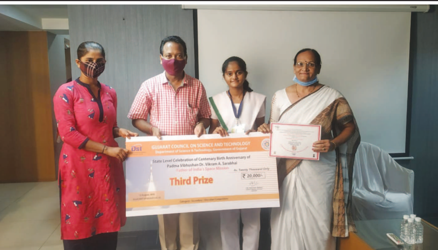
વિક્રમ સારાભાઈ જન્મજયંતી અંતર્ગત યોજાયેલ રાજ્યકક્ષાની સ્પર્ધામાં સંસ્કાર તીર્થ આજોલ, ગાંધીનગરની વિદ્યાર્થીની ત્રીજા ક્રમે વિજેતા થઈ હતી.
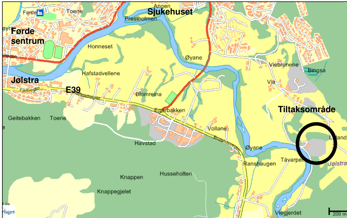
Figur 2. Lokalisering av planområdet

Tiltaksområdet ligg på Vie om lag 3 km aust for Førde sentrum, jf figur 2. Området ligg like aust for elva Jølstra og er omgitt av landbruksareal og gardstun. Eksisterande masseuttak inngår i planområdet.
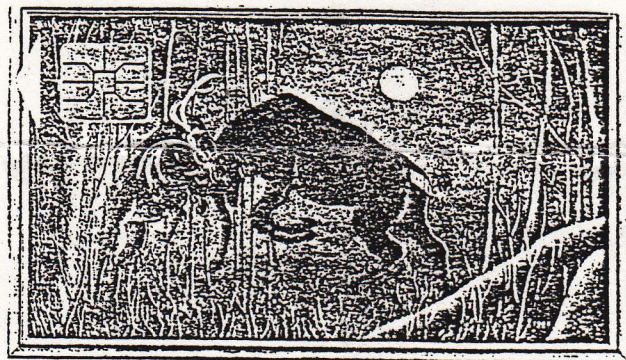
Association Télécartiste du Loiret

LE MINI-JOURNAL DE L'ASSOCIATION TÉLÉCARTISTE DU LOIRET
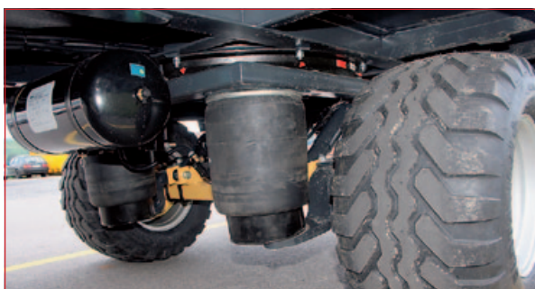
Luftfederung mit Niveauregulierung und Absenkfunktion
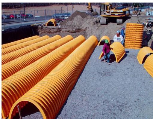
4. Układamy ciągi komór drenazowych (odstęp między rzędami minimum 15 cm)
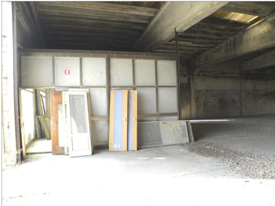
Vangadizza di Legnago (VR): unità sub 4 - ex lavorazione (locale già spaccio aziendale)
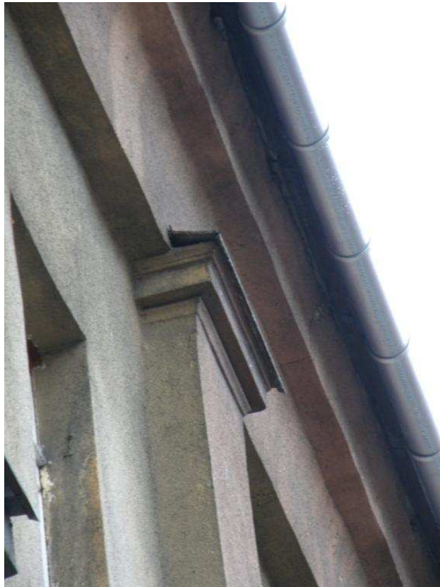
Zdjęcie nr 8 – element gzymsu, rynna
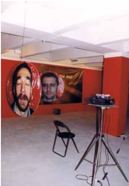
Exposition - 1998

JMA - Je me souviens que mes premières remarques sur ton travail, tant photographique, vidéo que pictural, portaient sur la circulation de choses et d'objets entre les œuvres. Elles m'apparaissaient à l'époque comme de possibles éléments d'un langage. Peux-tu nous expliquer le lien entre objets et choses ? Et comment penses-tu le lien de ton travail au langage ?
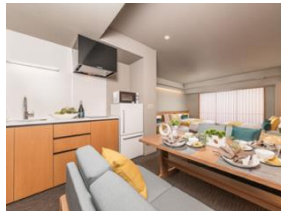
キッチン&ダイニング
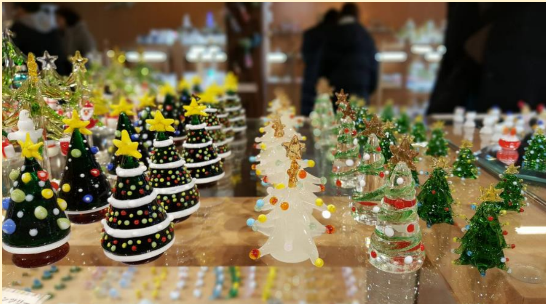
ร้านเครื่องแก้ว โอดารุ

ที่ฮอกไกโดยังมีอะไรน่าสนใจอีกเยอะจนเล่าไม่หมดเลยละ อยากให้น้อง ๆ มาเห็นเอง ยังงั้นก็ขอฟลากม.ฮอกไกโดได้ด้วยจ้า ใครมีข้อสงสัยอะไรก็ทักมาคุยกันได้นะ
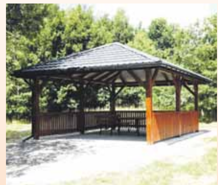
BRZozowa 39 433,60 zł brutto
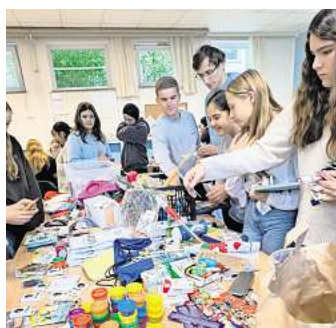
Schülerinnen und Schüler der Cesar Klein Schule bastelten für Kinder im Frauenhaus Lübeck. hfr

RATEKAU. Am 7.11. 2025 veranstaltete die Gruppe der „Helfenden Hände“ an der CKS in Ratekau eine besondere Aktion zugunsten des Lübecker Frauenhaus. Aus gespendeten Materialien bastelten über 20 Schülerinnen und Schüler aus verschiedenen Klassen liebevoll gestaltete Adventskalender, gefüllt mit Süßigkeiten und kleinen Geschenken, um den 25 Kindern, die zur Zeit im Frauenhaus leben, eine angenehme Vorweihnachtszeit zu ermöglichen und Freude zu
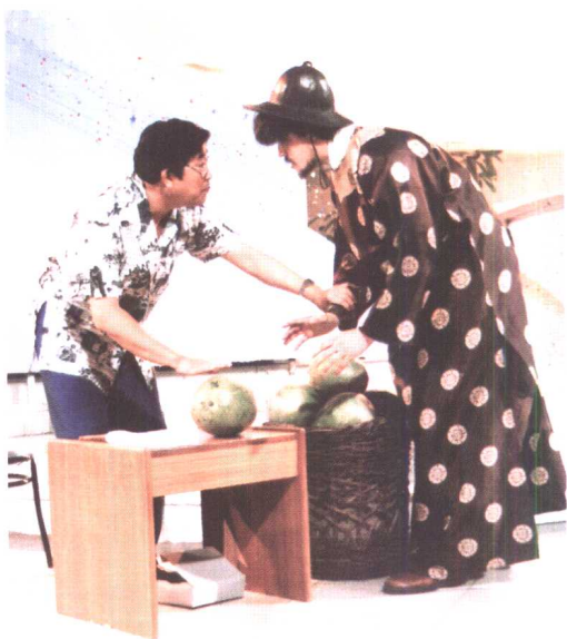
与外籍演员表演《卖西瓜》
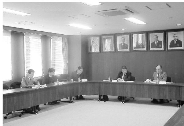
▲協議する委員各位
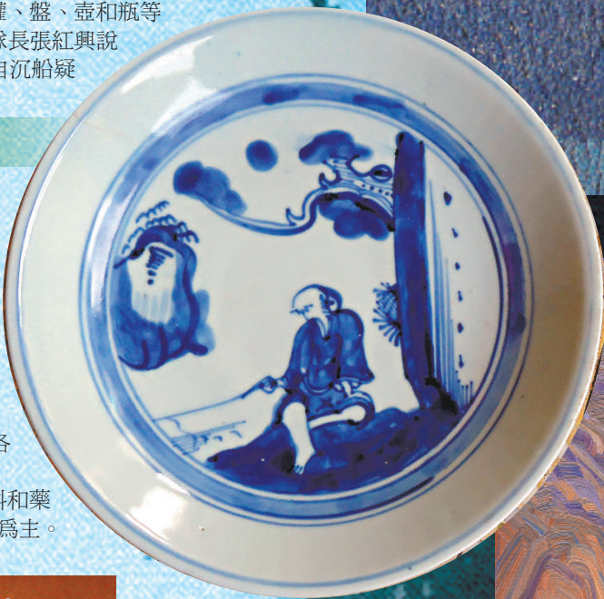
▲產自德化窰的清 代青花盤
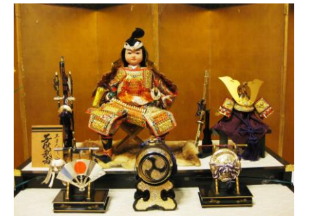
※那由多の家にて飾っております
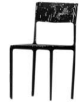
② mobilă / furniture
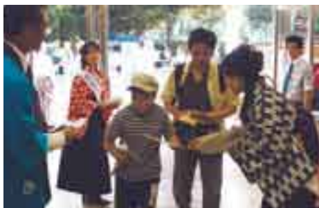
マドンナ大使による記念品配布の様子

試合開始前には、古田敦也選手2,000本安打達成の映像に合わせて松山市をPR。両軍の選手代表にマドンナ大使が花束を贈呈、松山市長(ヤクルトスワローズ松山協力会会長 中村時広氏)(財)松山観光コンベンシヨ
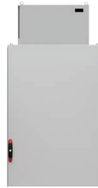
Condizionatore d'aria montato sul tetto

Questa unità di raffreddamento per esterni a montaggio verticale, E-NOX, con grado di protezione IP55, è disponibile in più formati per soddisfare diverse esigenze di raffreddamento. L'unità di raffreddamento è facile da installare ed è disponibile anche in acciaio inossidabile per l'utilizzo negli ambienti più impegnativi.
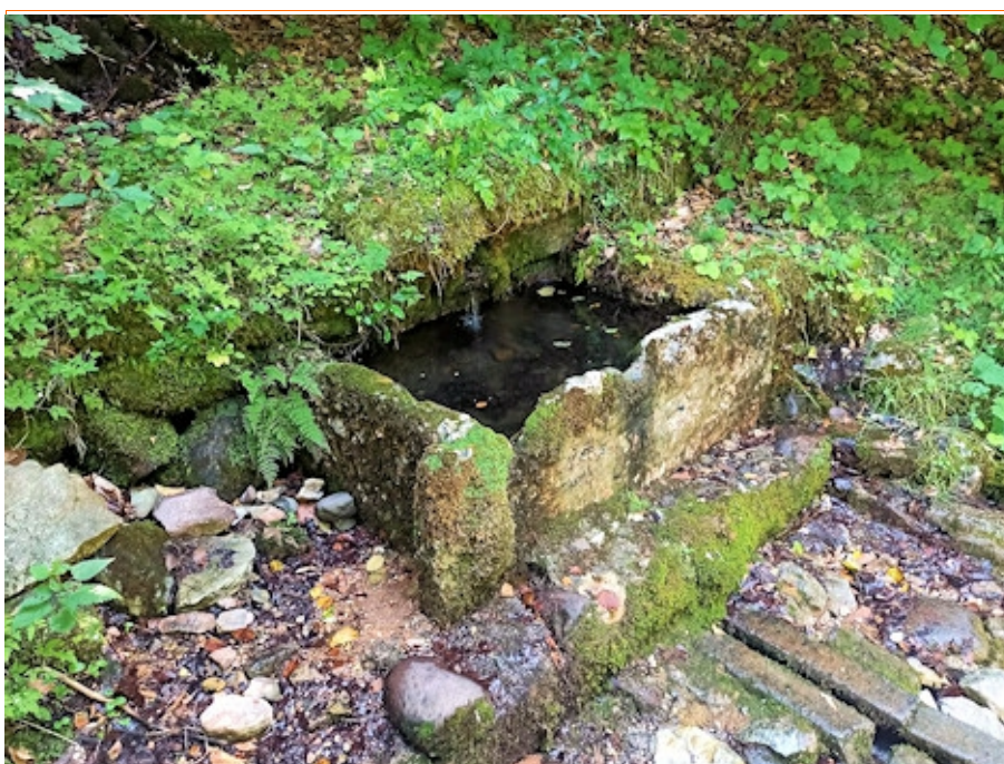
La sorgente Albi dove si sono abbeverati per secoli uomini e animali

Si segue la strada verso monte per pochi metri fino a scorgere una evidente traccia di sentiero sulla destra, inizialmente quasi in piano e poi in ripida salita. Qui il tracciato si trasforma in UI , ovvero un solco scavato nel terreno dal trascinarsi delle stanghe di legna da ardere che per secoli sono state trascinate verso valle. E' possibile talvolta, anzichè camminare faticosamente nella ul ricoperta di foglie, percorrere la spalla destra della stessa dove è presente una traccia di sentiero. Giunti alla quota di circa 1000 metri (o poco meno), si incrocia un sentiero che sale dalla frazione Prada, qui si costeggia anche un muro a secco, evidente segnale della presenza in passato di campi coltivati. Seguendo il sentiero si raggiunge finalmente la sorgente Albi , costituita da una antica fontana in pietra nella quale sgorga una vena d'acqua perenne.
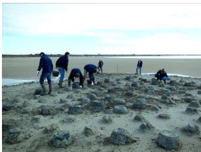
Rénovation des nids artificiels

Un îlot de nidification créé en 2010 pour accueillir les flamants est une nouvelle fois aménagé en 2013. Sur les conseils scientifiques de la Tour du Valat, un morceau de digue situé à proximité de l'îlot a été enlevé afin de mieux isoler le site vis-à-vis des prédateurs. Par ailleurs, le 11 mars, une équipe motivée de la Compagnie des Salins du midi a restauré 150 nids artificiels sur l'îlot d'une surface de 500m 2 . Un saunier a également fabriqué et mis en place 4 appelants en forme de flamants.
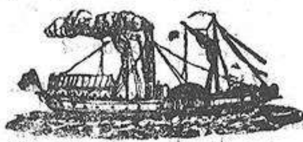
EL VAPOR ESPAÑOL

════════════════════

| PROBLEM DETAILS |
Output only the lines running from the top of the data above to the line with "Figur 2. Lokalisering av planområdet", inclusive, word for word and without pictures.

| WRITTEN ANSWER |
વિક્રમ સારાભાઈ જન્મજયંતી અંતર્ગત યોજાયેલ રાજ્યકક્ષાની સ્પર્ધામાં સંસ્કાર તીર્થ આજોલ, ગાંધીનગરની વિદ્યાર્થીની ત્રીજા ક્રમે વિજેતા થઈ હતી.
Figur 2. Lokalisering av planområdet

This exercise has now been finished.